Update 2015-10-06 – VMware just released a new update named ESXi 5.5 Update 3a (build number 3116895), which fixes the snapshot consolidation bug.
More info at http://kb.vmware.com/kb/2133825 and download at https://my.vmware.com/group/vmware/patch#search (or using VUM).
VMware released a new security advisory on Thursday warning about three separate security vulnerabilities affecting ESXi and/or vCenter Server (http://www.vmware.com/security/advisories/VMSA-2015-0007.html)
All three vulnerabilities are remotely exploitable over the network (or at least so it seems judging by the very brief description in the advisory). This means that they need to be taken very seriously, especially in environments where the ESXi hosts and/or the vCenter Servers are reachable over the network from other servers or client machines.
Those of you who don’t have segmented networks with restricted access to ESXi hosts and vCenter Servers run a much greater risk of getting hit by hackers or malware exploiting these security flaws, and thus need to get the patches in place much quicker. (I will assume here that nobody has their core vSphere environment reachable from the internet in any way, but if you do, please give us a call and we’ll help you redesign it in a more secure way.)

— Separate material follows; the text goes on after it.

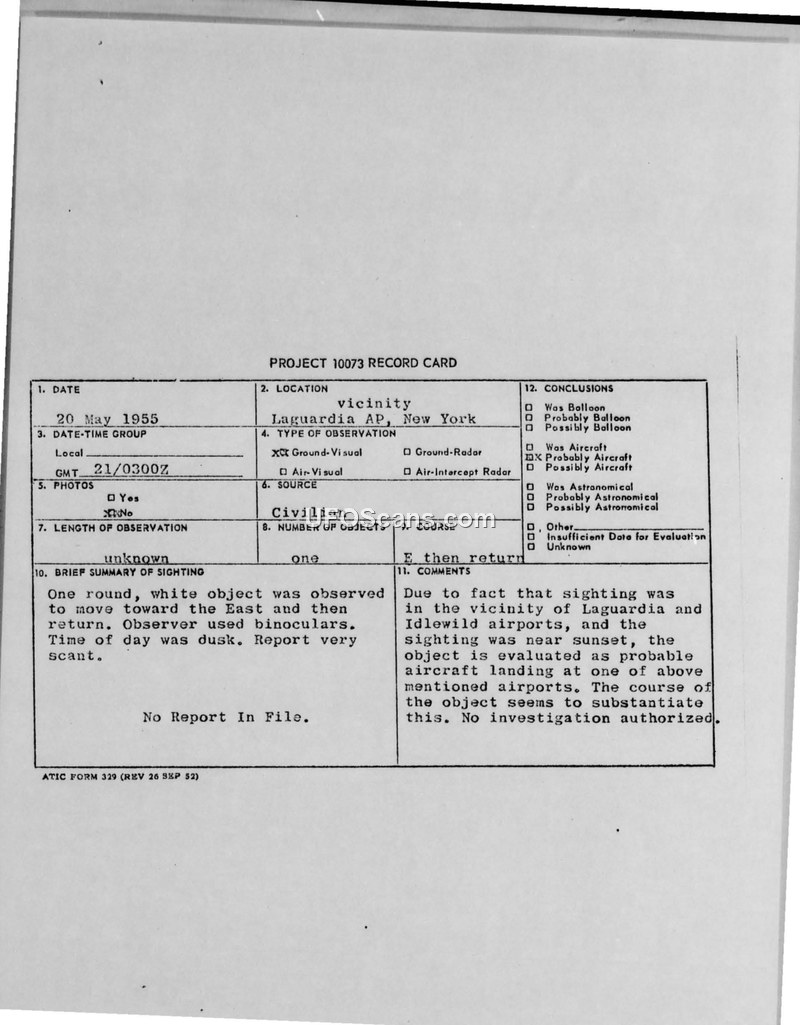 This document is a Project 10073 Record Card documenting a sighting that occurred on May 20, 1955, in the vicinity of Laguardia Airport, New York. A civilian observer reported seeing a single, round, white object at dusk. The observer utilized binoculars to track the object, which was described as moving toward the East before returning. The report notes that the information provided was very scant and that no further report was found in the file. The official evaluation concluded that the object was likely an aircraft landing at either Laguardia or Idlewild airports, noting that the object's course substantiated this assessment. Consequently, no formal investigation was authorized for this incident.
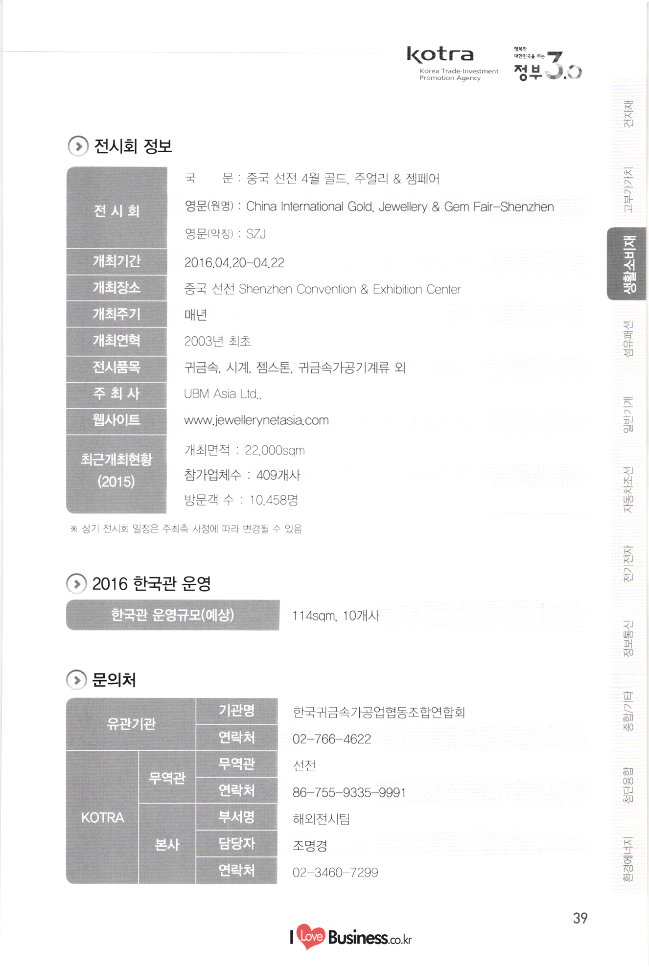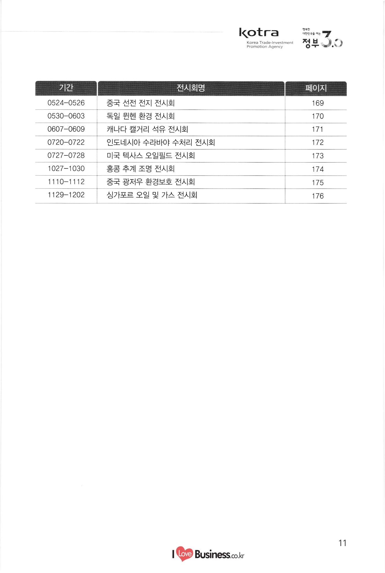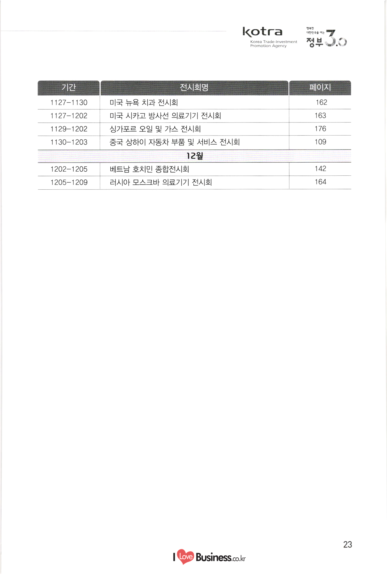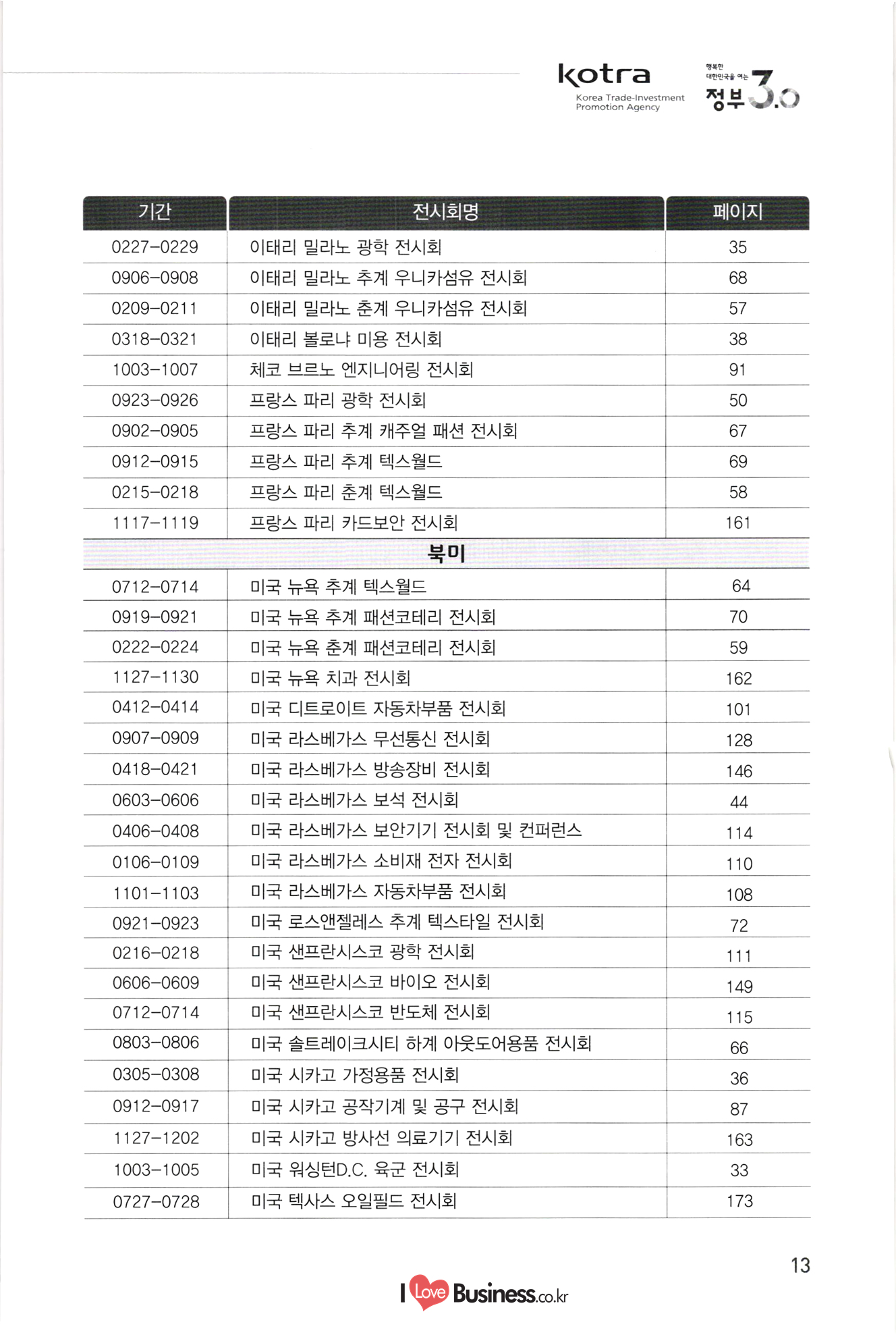 kotra 행복한 대한민국을 여는 Korea Trade-Investment Promotion Agency | 정부 0.0 기간 페이지 110 111 112 113 114 0106-0109 0216-0218 0315-0317 0315-0317 0406-0408 10712-0714 10906-0909 1 0907-0909 0920-0925 1 1013-1016 1106-1109 1108-1110 1108-1111 115 116 117 118 119 120 121 122 전시회명 전기전자 미국 라스베가스 소비재 전자 전시회 미국 샌프란시스코 광학 전시회 중국 상하이 반도체 전시회 중국 상하이 플랫패널 디스플레이 전시회 미국 라스베가스 보안기기 전시회 및 컨퍼런스 미국 샌프란시스코 반도체 전시회 중국 선전 광전자 전시회 대만 타이베이 반도체 전시회 독일 쾰른 영상 및 광학기기 전시회 홍콩 추계 전자 전시회 이란 테헤란 전기 전시회 중국 상하이 아시아 전자 전시회 독일 뮌헨 전자부품 전시회 | 정보통신 스페인 바르셀로나 GSMA 모바일 전시회 독일 하노버 정보통신 전시회 - 중국 선전 전자정보 전시회 싱가포르 정보통신 전시회 중국 상하이 모바일 전시회 미국 라스베가스 무선통신 전시회 UAE 두바이 정보통신 전시회 중국 선전 터치스크린 전시회 종합/기타 중국 상하이 화동 수출입상품 교역회 파나마 종합 전시회 베트남 하노이 엑스포 중국 톈진 무역투자 상담회 및 PECC 무역투자 전시회 중국 광저우 춘계 수출입상품 교역회 중국 시안 동서부 투자무역합작 상담회 및 실크로드 전시회 중국 하얼빈 경제무역 전시회 탄자니아 다레살람 무역 전시회 123 124 125 0222-0225 0314-0318 10408-0410 1 0531-0603 0629-0701 1 0907-0909 1016-1020 1124-1126 126 127 128 129 130 131 132 133 0301-0305 0309-0312 10413-0416 0415-0419 0415-0419 0513-0517 0615-0619 134 135 136 137. 10701-0705 138

The first vulnerability affects all ESXi 5.x versions (not ESXi 6.x), and the patch that needs to be installed is either only the security patch itself (see the advisory for details) or the corresponding “Update Bundle”, which is U3 for 5.5, U3b for 5.1 and U3e for 5.0.
The problem with ESXi 5.5 U3 is that it also contains a newly discovered problem where you run the risk of having VMs crash during snapshot consolidation. For this reason we recommend that customers running ESXi 5.5 only apply the security patch (ESXi550-201509101), and not the entire Update Bundle U3.
At the time of writing we don’t have any confirmation whether the snapshot bug is present in the security patch build 3029837 or if it’s only present in the U3 build 3029944. Keep an eye on this blog post for details, as they are released.
The second security vulnerability affects vCenter Server and is also a remotely exploitable flaw, which makes it urgent to patch (depending partially on your network segmentation setup). Upgrade your vCenter Servers to 6.0 U1, 5.5 U3 (no bug in this one), 5.1 U3b or 5.0 U3e, respectively.
The third vulnerability affects vCenter Server and allows a remote denial of service, and you might already be patched against it, since it’s fixed from the following versions: 5.5 U2, 5.1 U3, 5.0 U3e. (6.0 is not affected).
As always, we recommend that you test your patches in a part of your environment for a period of time before rolling them out to the entire environment, just to make sure there are no other bugs affecting your infrastructure.